Unifying the Language of Measurement

The frequent misplacement of Rasch measurement in the domain of Item Response Theory might be corrected by more persuasively and comprehensively situating it in the context of natural science, following the lead of L.L. Thurstone, G. Rasch, B.D. Wright, D. Andrich and others. The implicit and largely untested claim in this work is that the theory and practice of measurement across the sciences is unified insofar as it demands, models, and capitalizes on principles such as invariance, statistical sufficiency, parameter separation, unidimensionality, conjoint additivity, local independence, etc. Interest in such unification comes from both the social sciences and the natural sciences, as was indicated in a recent talk by Ludwik Finkelstein (2010; also see his 2004), a past editor (1982-2000) of Measurement, and a former Vice-President of the International Measurement Confederation:

There are theoretical and practical reasons for pursuing a unified science of measurement. As Finkelstein says, common logical and philosophical principles share common problems, but differing concepts, vocabularies and methodologies obscure those commonalities and make the solution of their shared problems needlessly difficult. Some problems are likely to have been better addressed to date in the social sciences, and others, in the natural sciences.

For instance, the Rasch focus on invariance will likely be found of particular value within metrology. The obvious places to begin Rasch applications in the context of metrology are with regard to its educational and human resource needs for individualized tests informing differentiated instruction, computerized adaptive certification exams, admission and graduation standards, program improvement and comparison metrics, employee assessments and opinion surveys, etc. But Rasch theory and methods might also play a role in resolving some problems that social scientists assume to be completely under control in the natural sciences, as in the potential for Rasch models to inform genomic and proteomic metrologies (Markward & Fisher, 2004) or clinical laboratory disease severity measures (Fisher & Burton, 2010). Coming at it from the other direction, the metrological focus on the traceability of individual instruments and measures to universally uniform reference standards will likely result in significant advances within the social sciences. The role of these kinds of technical networks in reducing market frictions (Barzel, 1982) and in amplifying individual effects in a kind of choral collective cognition (Magnus, 2007) may have profound implications for the advancement of science (Latour, 1987, 2005), economics, government, and the work place. There is, then, a potential for the theory and practice of invariant measurement advanced in work following from Rasch to piggyback on the principle of networked metrological traceability, while those networks capitalize in new ways on the potentials brought to bear by Rasch's principles of invariance.

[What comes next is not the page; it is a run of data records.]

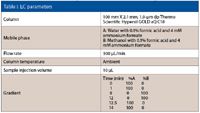 The LC and MS experimental parameters are detailed in Table I and Table II. Data acquisition was performed using proprietary software (Xcalibur, Thermo Fisher Scientific) as was data processing (Pathfinder, Thermo Fisher Scientific).
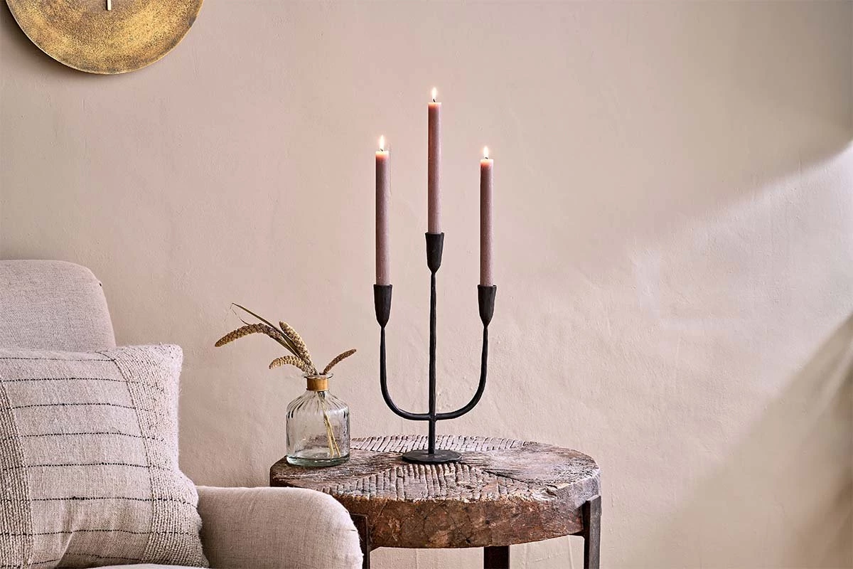 These elegant candlelabras are handmade from black iron.
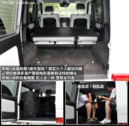 除了能載物外,奔馳G級(jí)后備廂兩邊的凸起正好可以坐下每邊兩個(gè)人,不過這樣上路可是法律所不允許的,所以像上圖那樣警察押送犯人的情景還是僅限于靜態(tài)比較好。而當(dāng)掀起整個(gè)后排座椅后,寬大的后備廂足以運(yùn)載冰箱或洗衣機(jī)這類的大件物品,出色的垂直空間也使物品的高度不再受太多的限制。

The International Measurement Confederation (IMEKO; www.imeko.org) hosts annual and bi-annual meetings of its various technical committees (TCs) at locations globally. Of particular interest to Rasch measurement practitioners are the IMEKO TC1 on metrology education and TC7 on measurement science. The 13th IMEKO TC1-TC7 Joint Symposium took place September 1-3, 2010 at City University in London. For the first time, this Symposium included the IMEKO TC13 - Measurements in Biology and Medicine. The Symposium was organized by Sanowar Khan, Kenneth Grattan, Ludwik Finkelstein, and Panicos Kyriacou of the School of Engineering and Mathematical Sciences at City University London. Sponsors included the Institute of Physics (IOP), UK, City University, the Institute of Measurement and Control, and the Worshipful Company of Scientific Instrument Makers. The conference program can be accessed online at imeko.iopconfs.org.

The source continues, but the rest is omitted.